[Start of Attachment]
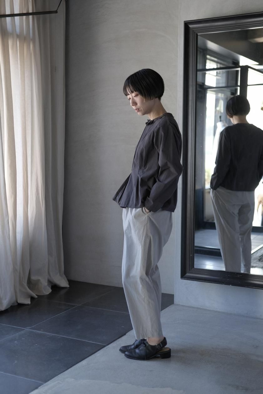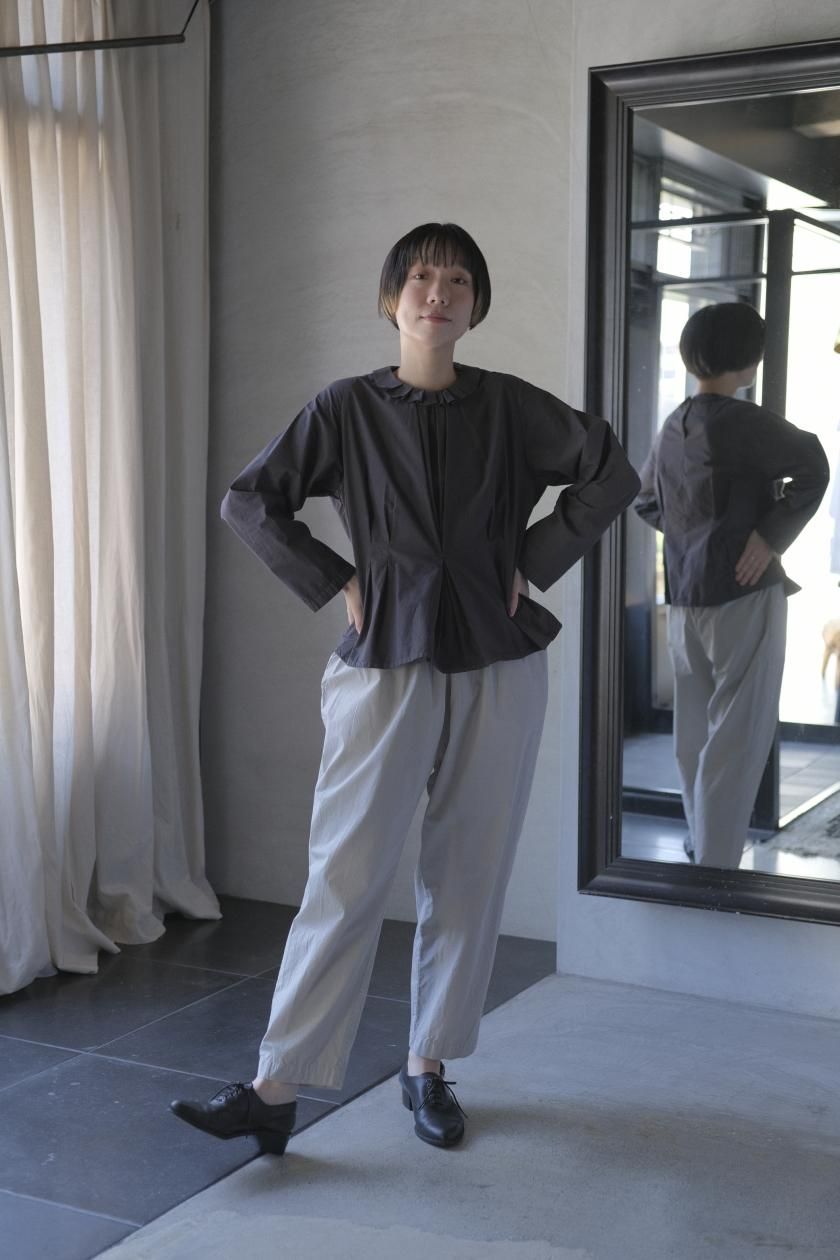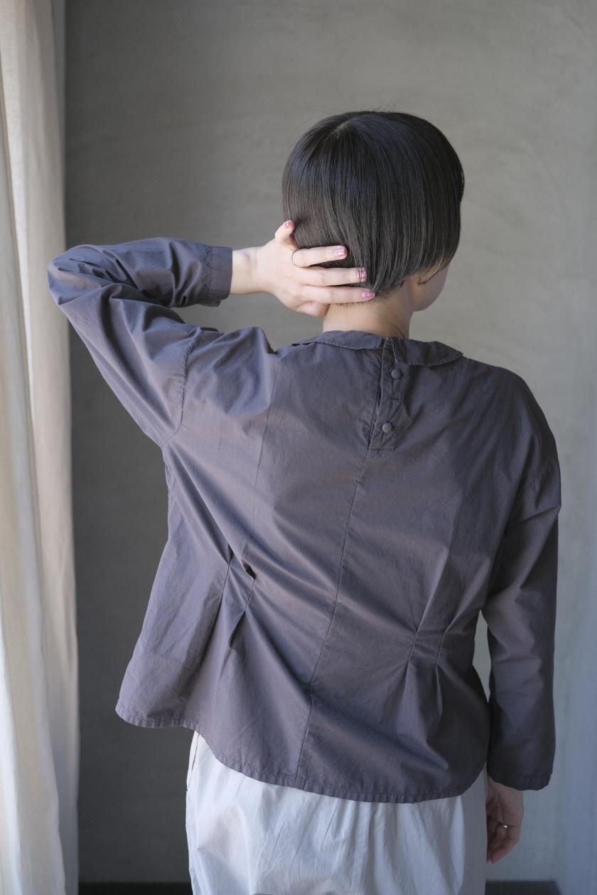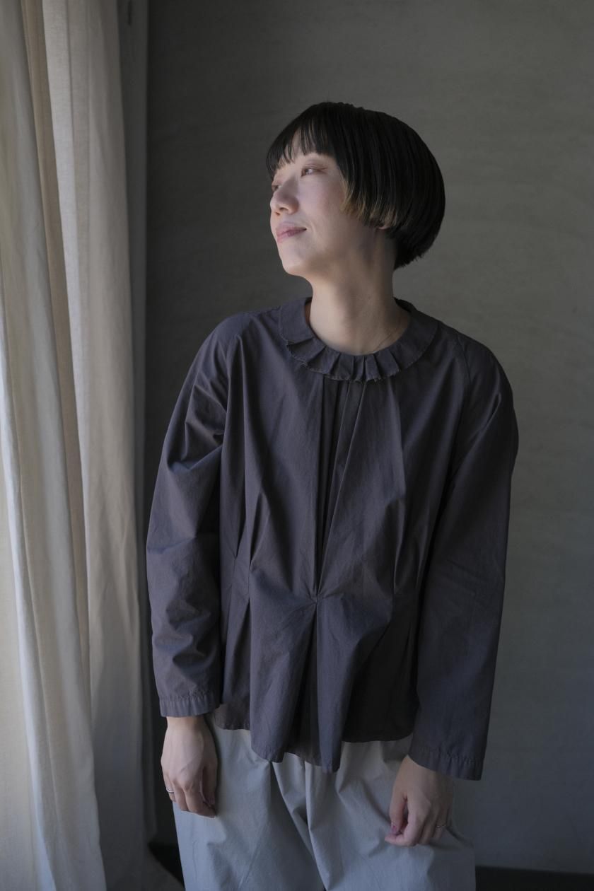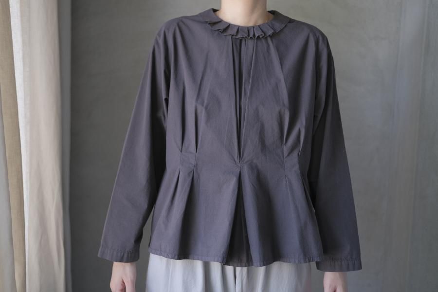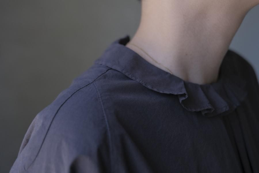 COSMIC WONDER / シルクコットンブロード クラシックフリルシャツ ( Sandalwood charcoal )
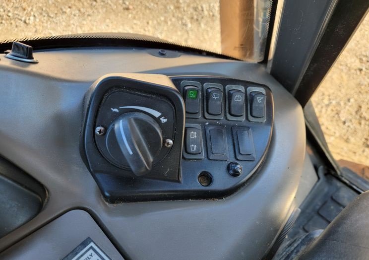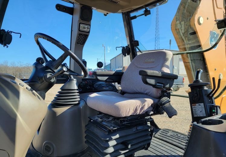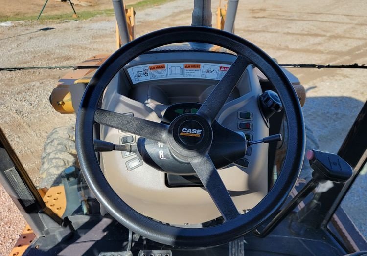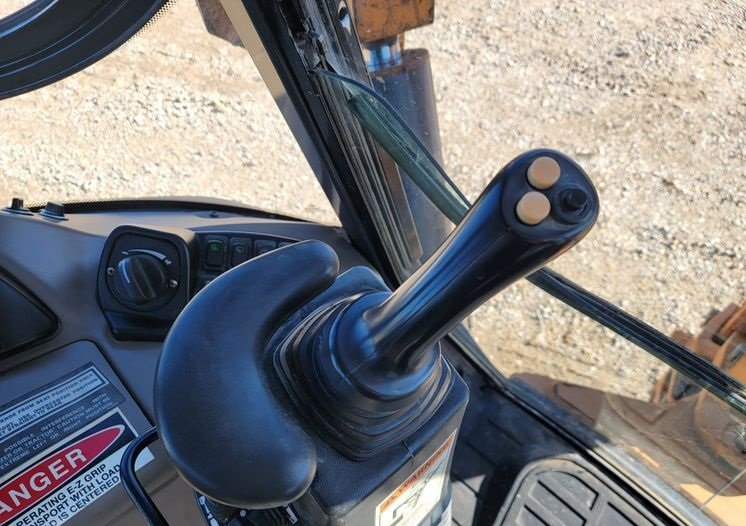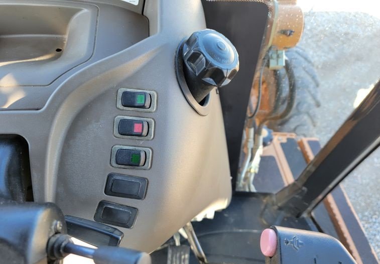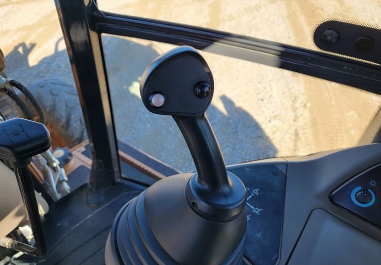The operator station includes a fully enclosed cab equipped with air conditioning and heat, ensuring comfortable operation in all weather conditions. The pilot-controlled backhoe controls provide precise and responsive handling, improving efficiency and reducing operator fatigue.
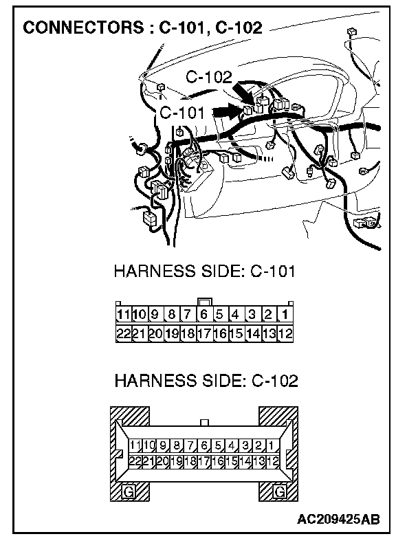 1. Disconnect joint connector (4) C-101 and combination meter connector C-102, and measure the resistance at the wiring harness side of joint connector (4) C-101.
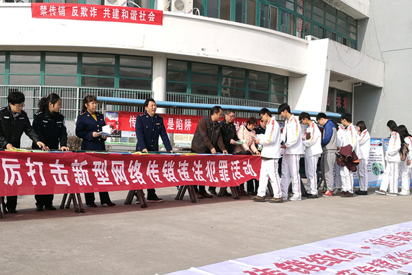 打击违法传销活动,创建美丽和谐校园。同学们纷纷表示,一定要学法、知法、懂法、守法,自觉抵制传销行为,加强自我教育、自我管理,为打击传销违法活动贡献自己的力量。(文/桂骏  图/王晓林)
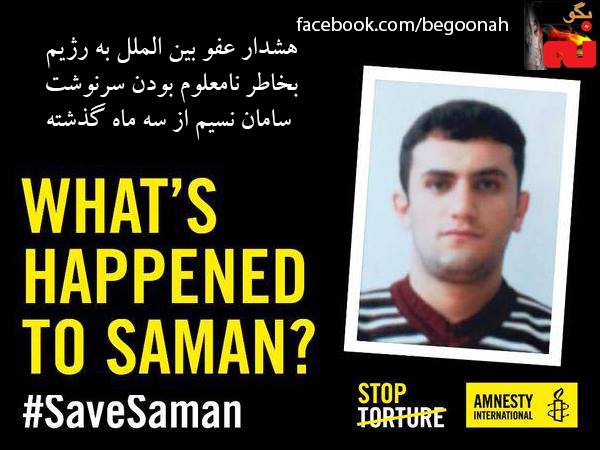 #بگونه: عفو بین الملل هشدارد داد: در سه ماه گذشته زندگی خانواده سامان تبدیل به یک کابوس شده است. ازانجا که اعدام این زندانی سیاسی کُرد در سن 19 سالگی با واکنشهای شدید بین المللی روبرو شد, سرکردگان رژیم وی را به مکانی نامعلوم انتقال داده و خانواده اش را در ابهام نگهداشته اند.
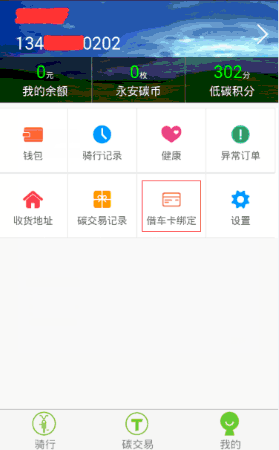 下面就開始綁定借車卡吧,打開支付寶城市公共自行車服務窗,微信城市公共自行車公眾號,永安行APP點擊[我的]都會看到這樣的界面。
[End of Attachment]
Repeat the material above in full and unchanged, minus its images.

WRITTEN RESPONSE:
 COSMIC WONDER / シルクコットンブロード クラシックフリルシャツ ( Sandalwood charcoal )
The operator station includes a fully enclosed cab equipped with air conditioning and heat, ensuring comfortable operation in all weather conditions. The pilot-controlled backhoe controls provide precise and responsive handling, improving efficiency and reducing operator fatigue.
 1. Disconnect joint connector (4) C-101 and combination meter connector C-102, and measure the resistance at the wiring harness side of joint connector (4) C-101.
 打击违法传销活动,创建美丽和谐校园。同学们纷纷表示,一定要学法、知法、懂法、守法,自觉抵制传销行为,加强自我教育、自我管理,为打击传销违法活动贡献自己的力量。(文/桂骏  图/王晓林)
 #بگونه: عفو بین الملل هشدارد داد: در سه ماه گذشته زندگی خانواده سامان تبدیل به یک کابوس شده است. ازانجا که اعدام این زندانی سیاسی کُرد در سن 19 سالگی با واکنشهای شدید بین المللی روبرو شد, سرکردگان رژیم وی را به مکانی نامعلوم انتقال داده و خانواده اش را در ابهام نگهداشته اند.
 下面就開始綁定借車卡吧,打開支付寶城市公共自行車服務窗,微信城市公共自行車公眾號,永安行APP點擊[我的]都會看到這樣的界面。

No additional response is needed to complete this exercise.